Gabriel começava a suar.
— E por último. Se vir um velho vestido de coveiro vindo em sua direção, não o deixe esperando. Corra até ele, sirva o espetinho e mantenha a cabeça baixa. Ele é mudo, impaciente... e tem o costume de enterrar o que o aborrece.
O silêncio entre os dois durou longos segundos.
— E se eu seguir tudo isso?
— O dinheiro estará no balcão, ao amanhecer — respondeu Josué, já se afastando para a estrada escura.
Gabriel olhou para o espeto cru diante de si. A primeira noite tinha começado.
Capítulo 3: O Cliente Sem Olhos
A meia-noite havia passado. Gabriel mantinha-se atento, virando os espetos com cuidado, observando cada farol que cruzava a estrada. O cheiro de carne assada preenchia o ar seco da madrugada.
Então, ele o viu.
Um homem — ou o que parecia ser um — se aproximava em absoluto silêncio. A pele lisa, sem poros, e onde deveriam estar os olhos, havia apenas um relevo suave. A criatura parou diante do balcão, imóvel.
O pânico paralisou Gabriel por um segundo. A voz de Josué ecoou em sua cabeça.
“Hoje o ponto já fechou.”
Ele forçou um sorriso, quase tremendo, e disse:
— Hoje o ponto já fechou.
A criatura continuou parada por mais dois segundos, longos como eternidade, e então virou-se lentamente e desapareceu pela estrada, sem emitir som algum.
Gabriel cambaleou para trás e sentou-se num caixote, sentindo a adrenalina correr como veneno.
Capítulo 4: Prata ou Morte
Era por volta das duas da manhã quando um carro antigo parou em frente ao trailer. Dele desceu uma mulher de vestido branco, mas seu rosto permanecia escondido pelo véu. Ela estendeu a mão pálida com uma nota de vinte.
— Espetinho — disse, com voz que soava como vento entre galhos secos.
Gabriel pegou o dinheiro e, no automático, foi até a gaveta das moedas de prata.
Vazia.
O pânico o agarrou pelo pescoço. Lembrou-se que, na correria do susto anterior, havia deixado a gaveta aberta. Alguma moeda devia ter caído.
A mulher se aproximou mais.
— O troco...
Gabriel se ajoelhou, tateando o chão. E então, entre a sujeira e a poeira, encontrou uma moeda — redonda, fria, pesada.
Entregou com mãos trêmulas.
A mulher pegou o troco e se afastou sem dizer mais nada. Gabriel caiu de joelhos, suando, ofegante.
Aprendera: a gaveta devia estar sempre cheia.
Capítulo 5: O Relógio Marcava 3:33
O relógio velho preso ao lado da chapa indicava 3:32. Gabriel já sabia o que vinha.
Correu para apagar a luz do trailer, deixou apenas o braseiro aceso. Deitou-se no chão entre caixas e sacos de carvão, cobrindo o corpo com uma lona.
O segundo seguinte durou uma eternidade. Então, ouviu.

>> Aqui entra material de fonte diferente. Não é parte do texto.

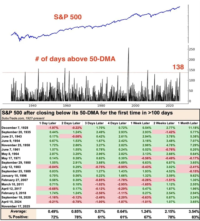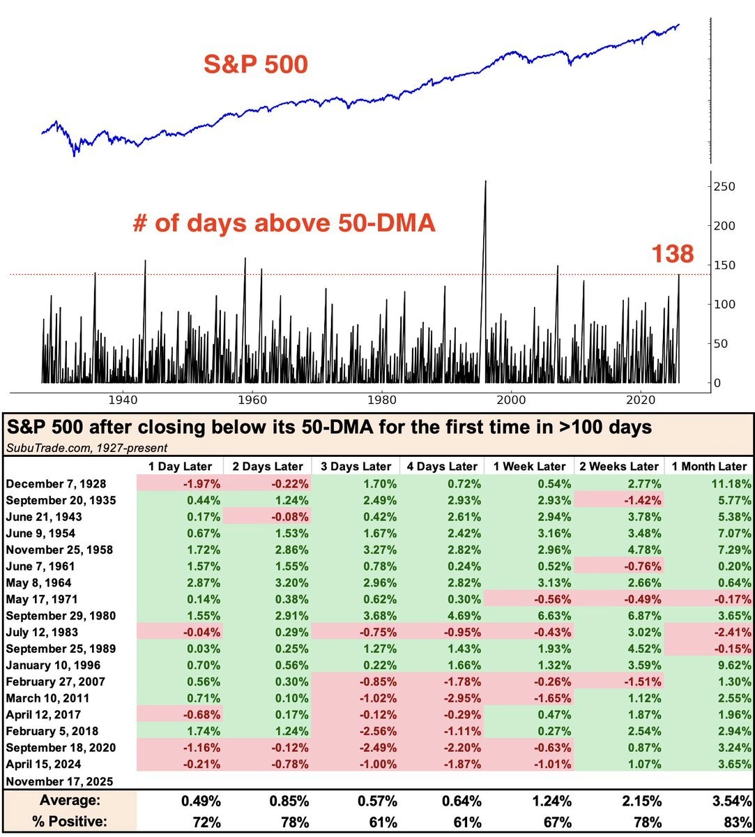 Po 138 obchodních dnech (tedy ten 139.) navíc index S&P 500 uzavřel pod svým 50denním klouzavým průměrem. Pokud toto proražení potvrdí, bude to z krátkodobého hlediska silný technický signál toho, že pullback může být hlubší a delší. Každopádně druhá série, která je už minulostí.

Passos pesados na estrada. Como se garras arranhassem o asfalto. Um sussurro grave, em alguma língua esquecida. O ar ficou denso, pesado, quase sólido.
O som se aproximou... e depois se afastou, lentamente, até sumir.
Gabriel permaneceu imóvel até o relógio marcar 3:40. Quando saiu, o ar parecia mais leve. Mas no asfalto diante do trailer, havia um rastro negro queimado, como se algo imenso tivesse arrastado garras incandescentes.
Capítulo 6: O Coveiro Mudo
Faltavam poucos minutos para as quatro da manhã quando o velho apareceu.
Gabriel soube que era ele antes mesmo de vê-lo. A presença era opressora. O homem vestia um terno preto gasto, o rosto enrugado e sem expressão. Nas costas, uma pá. Os olhos — os únicos humanos que Gabriel vira naquela noite — pareciam vazios de alma.
Sem pensar, pegou um espeto e correu até ele.
Entregou a carne quente sem dizer palavra. O velho pegou o alimento com mãos de ossos e se afastou em silêncio.
A cada passo dele, o chão parecia morrer.
Gabriel só respirou de novo quando o vulto do coveiro desapareceu na neblina.
Capítulo 7: O Dinheiro no Balcão
Às cinco da manhã, a primeira luz fraca do sol começou a pintar o horizonte. Gabriel, exausto, caminhou até o balcão. Sobre a madeira, havia um maço de cédulas, bem contadas: R$ 350.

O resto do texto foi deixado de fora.